#### Data under study
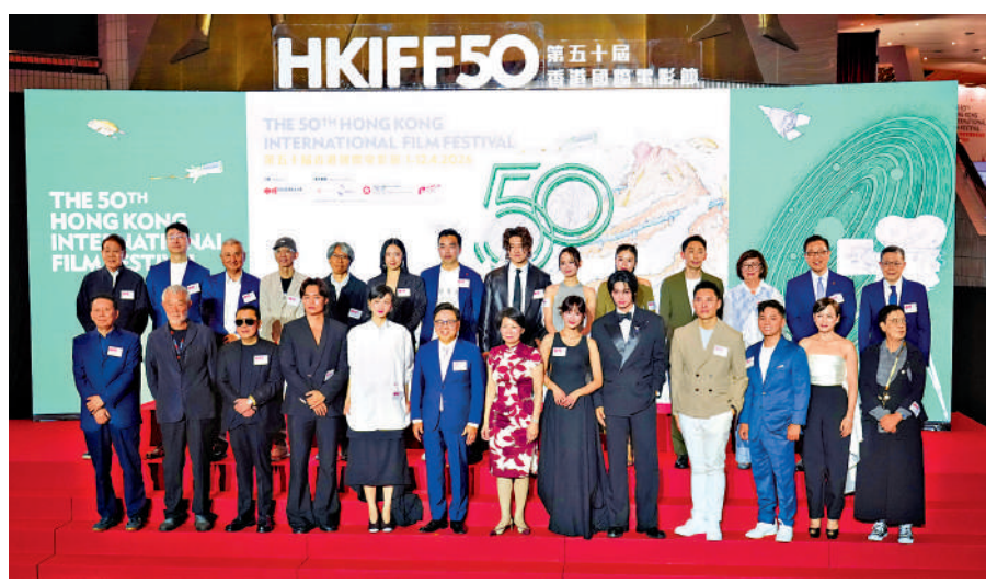
主禮嘉賓出席第50屆香港國際電影節開幕典禮。

「男神」梅塔文、歐帕西安卡瓊現身時，現場近百粉絲報以熱烈歡呼聲。另一位「敢想未來」大使王淨以露背晚裝出席。
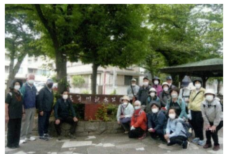
曳舟川親水公園前
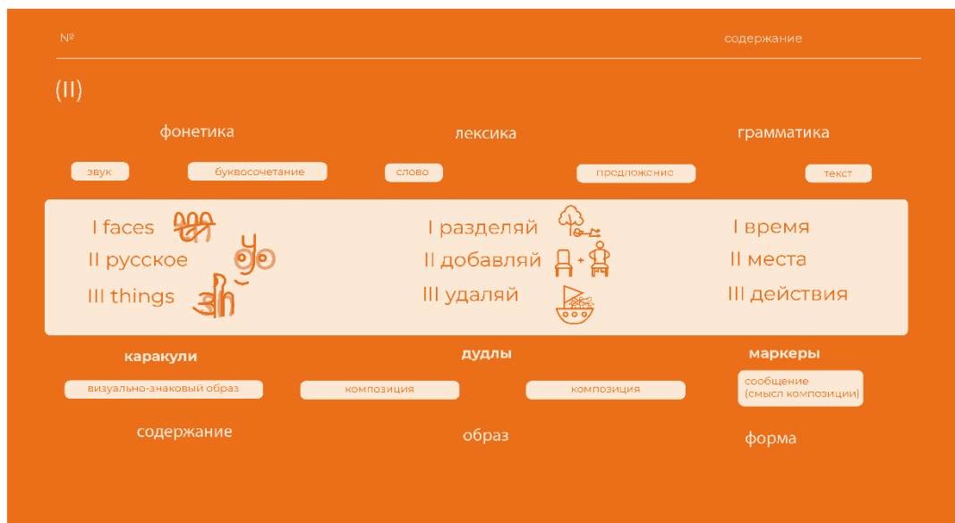
Рисунок 4 – Структура визуального пособия

Анализ и синтез визуальной и языковой систем, где при их сопоставлении были выделены основные их три раздела (языковая – фонетика, лексика, грамматика, визуальная – точка, линия, пятно), позволил составить на основе усложнения и базовых языковых и визуальных единиц вспомогательные элементы: каракулю, дудл и маркер (рисунок 4).
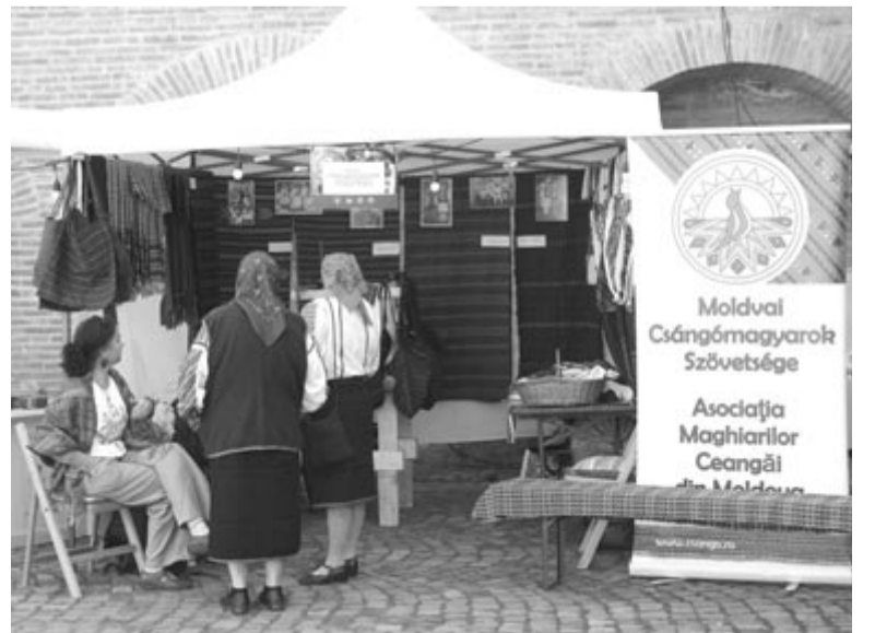
Ahol a hagyományörzés küzdelem a megmaradásért
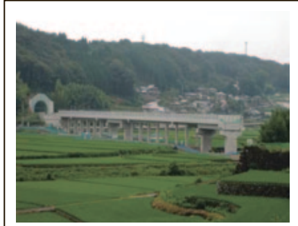
第1本明トンネル外1箇所他 本野高架橋 (H27.7撮影)
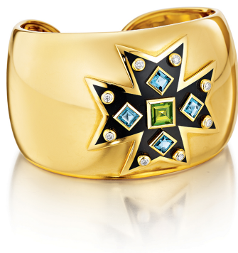
圖 3：馬爾他十字手鐲 6 。
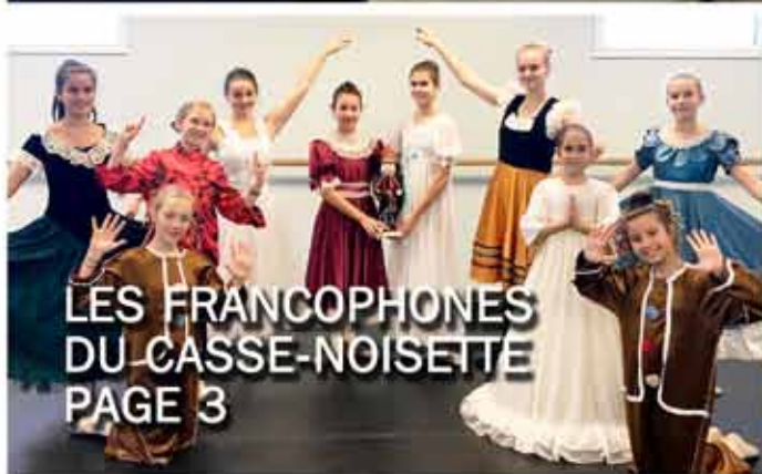
LES FRANCOPHONES DU CASSE-NOISETTE PAGE 3

Le SAINT-JEANNOIS Le journal francophone du Saint-Jean métropolitain
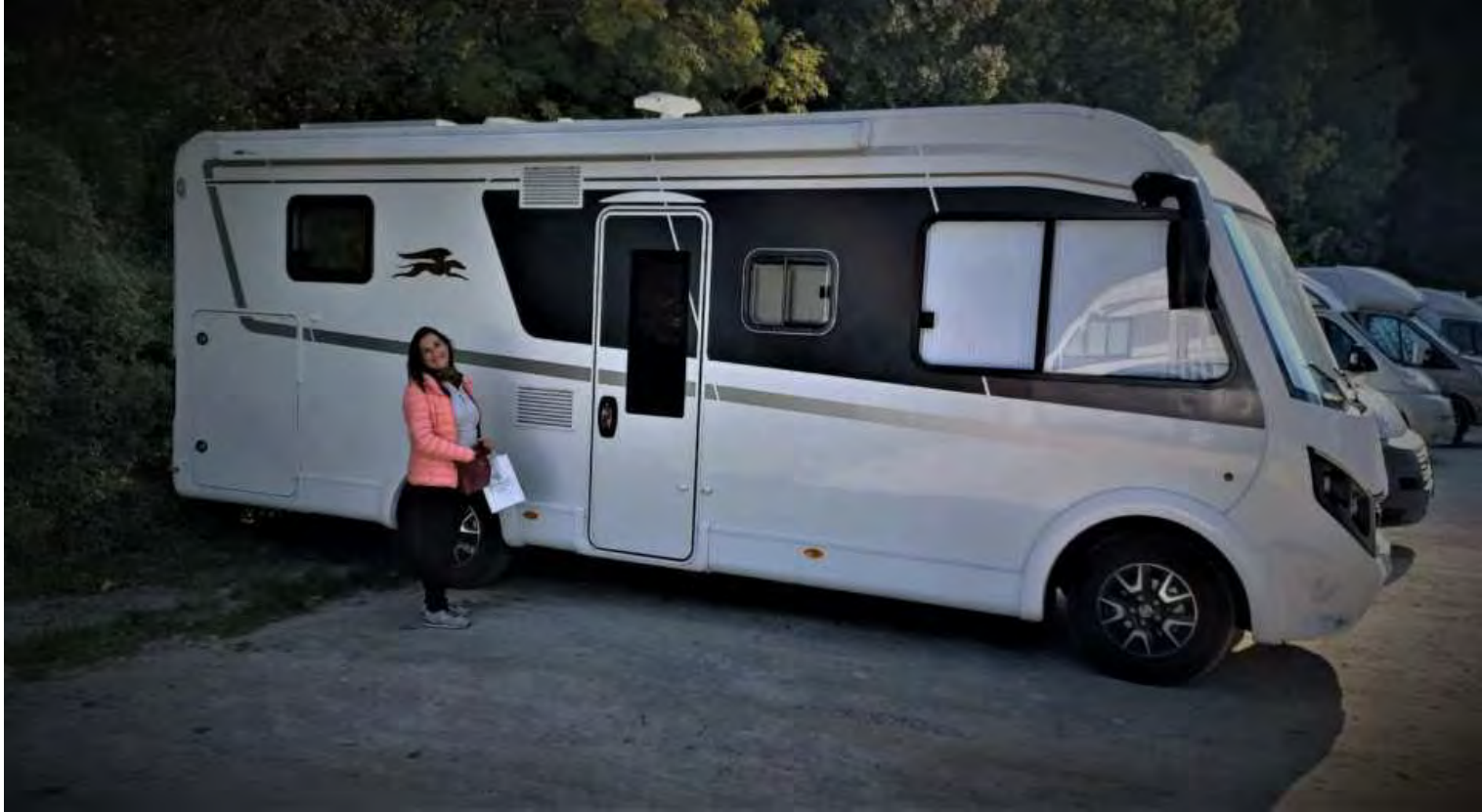
Il nostro Motorhome Laika

In totale abbiamo percorso 1,500 Km. Con un consumo medio di carburante di 9,3 litri per 100 Km. ed una spesa per pedaggio autostradale di circa 50 Euro
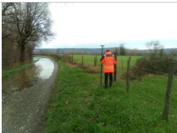
Vue du repère en 2024
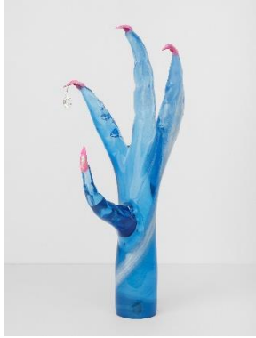
Slavs and Tatars, Stiletto 'C', 2024, hand-blown glass, hand-made faux nails, 60x30x25 cm
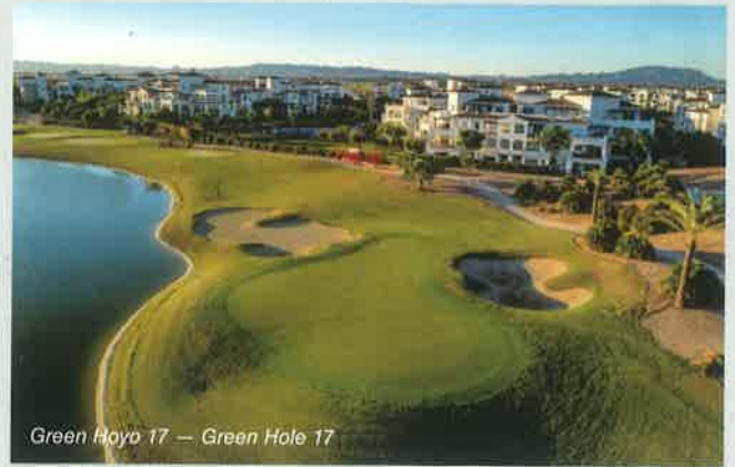
Green Hoyo 17 — Green Hole 17
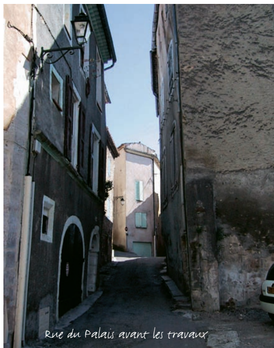
Rue du Palais avant les travaux
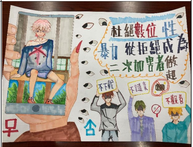
說明:110 年度性別平等教育創意海報設計競賽 ~防治數位性別暴力(國中組-優等)
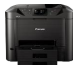
MAXIFY MB5450 Modelle
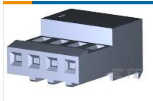
TE 产品编号3-640442-4 04P MTA100 CONN ASSY BLU
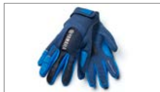
RĘKAWICE WYŚCIGOWE WAVERUNNER D17-AN103-E0 1S-0S-0M-0L-1L-2L
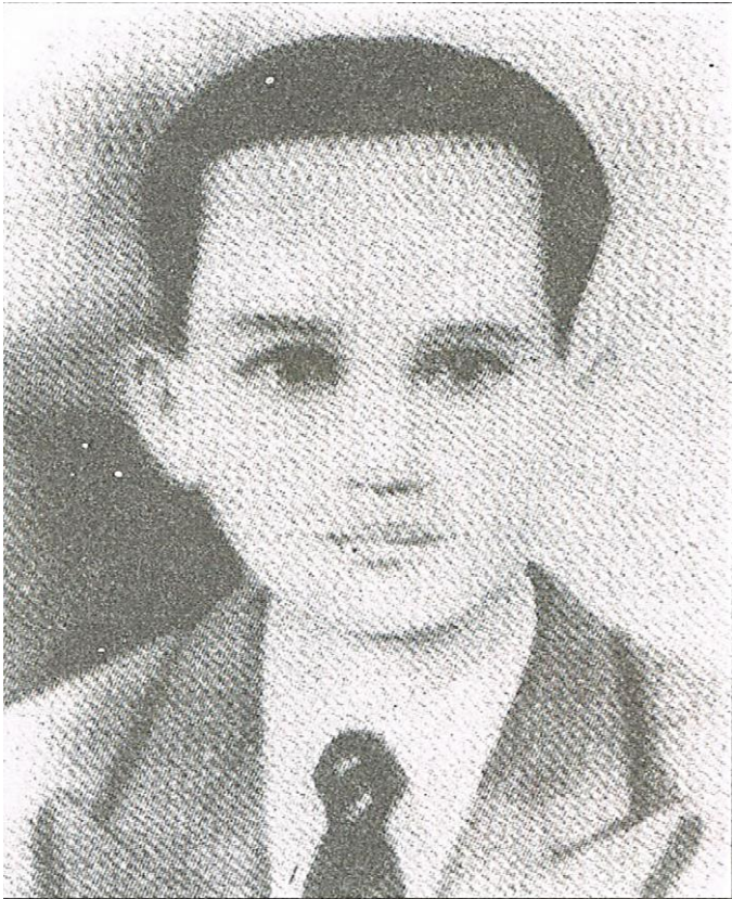
DƯƠNG VĂN DƯƠNG

Thiếu tướng Dương Văn Dương được sinh ra trong một gia đình nghèo ở Cù lao Minh, tỉnh Bến Tre năm 1900.
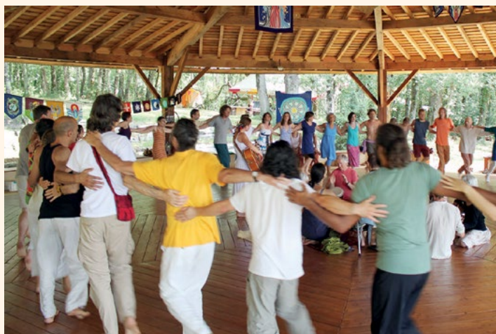
Danses de la Paix Universelle au camp d'été 2016
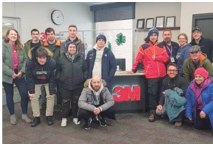
Eleanitz eredu mektronikako goi mailako zikloko hainbat ikasle, Minnesotan.
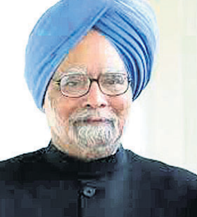
କାର୍ଯ୍ୟକାରୀ ଶେଷ ହୋଇଥିଲାବେଳେ ଅଗଷ୍ଟରେ ସେ ରାଜସ୍ଥାନକୁ ପୁଣିଥରେ ଭଜ ସଦନକୁ ନିର୍ବାଚିତ ହୋଇଛନ୍ତି।

ଦିଲ୍ଲୀ, ୧୧।୧୧(ପି.ଟି.) ରାଜ୍ୟ ସଭା ଅଧ୍ୟକ୍ଷ ଏମ୍ ଭେଙ୍କାୟା ନାଲକୁ ପୂର୍ବତନ ପ୍ରଧାନମନ୍ତ୍ରୀ ଡ଼ା. ବରିଷ୍ଠ କଂଗ୍ରେସ ନେତା ମନମୋହନ ସିଂଙ୍କୁ ଅର୍ଥ ସଂକ୍ରାନ୍ତ ସଂସଦୀୟ ଷ୍ଟାଣ୍ଡିଂ କମିଟିକୁ ମନୋନୀତ କରିଛନ୍ତି। ବିଗତ କର୍ତ୍ତୃକ୍ରମ ଗ୍ଲାନରେ ତାଙ୍କୁ ନିଆଯାଇଛି। ବିଗତ କର୍ତ୍ତୃକ୍ରମ ସହରାଞ୍ଚଳ ବିକାଶ ଷ୍ଟାଣ୍ଡିଂ କମିଟିକୁ ମନୋନୀତ ହୋଇଥିବା ଜଣାପଡିଛି। ମନମୋହନଙ୍କୁ ଅର୍ଥ କମିଟିରେ ନେବା ଲାଗି ବିଗତ କର୍ତ୍ତୃକ୍ରମ ଗ୍ଲାନରେ ତାଙ୍କୁ ନିଆଯାଇଛି। ଗତ ଜୁନ୍‌ରେ ମନମୋହନଙ୍କ ରାଜ୍ୟ ସଭା
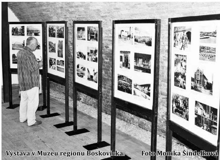
Výstava v Muzeu regionu Boskovicka.

Výstavu je možné v Muzeu regionu Boskovicka shlédnout do 30. října v úterý až pátek od 10 do 17 hodin a o víkendech a svátcích od 13 do 17 hodin. Vstupné je zdarma. (hrr)

#### Task requirements
Starting with the first line of the data above and ending with the line containing "Il nostro Motorhome Laika", please restate every line exactly, leaving images out.

#### Written response
主禮嘉賓出席第50屆香港國際電影節開幕典禮。

「男神」梅塔文、歐帕西安卡瓊現身時，現場近百粉絲報以熱烈歡呼聲。另一位「敢想未來」大使王淨以露背晚裝出席。
曳舟川親水公園前
Рисунок 4 – Структура визуального пособия

Анализ и синтез визуальной и языковой систем, где при их сопоставлении были выделены основные их три раздела (языковая – фонетика, лексика, грамматика, визуальная – точка, линия, пятно), позволил составить на основе усложнения и базовых языковых и визуальных единиц вспомогательные элементы: каракулю, дудл и маркер (рисунок 4).
Ahol a hagyományörzés küzdelem a megmaradásért
第1本明トンネル外1箇所他 本野高架橋 (H27.7撮影)
圖 3：馬爾他十字手鐲 6 。
LES FRANCOPHONES DU CASSE-NOISETTE PAGE 3

Le SAINT-JEANNOIS Le journal francophone du Saint-Jean métropolitain
Il nostro Motorhome Laika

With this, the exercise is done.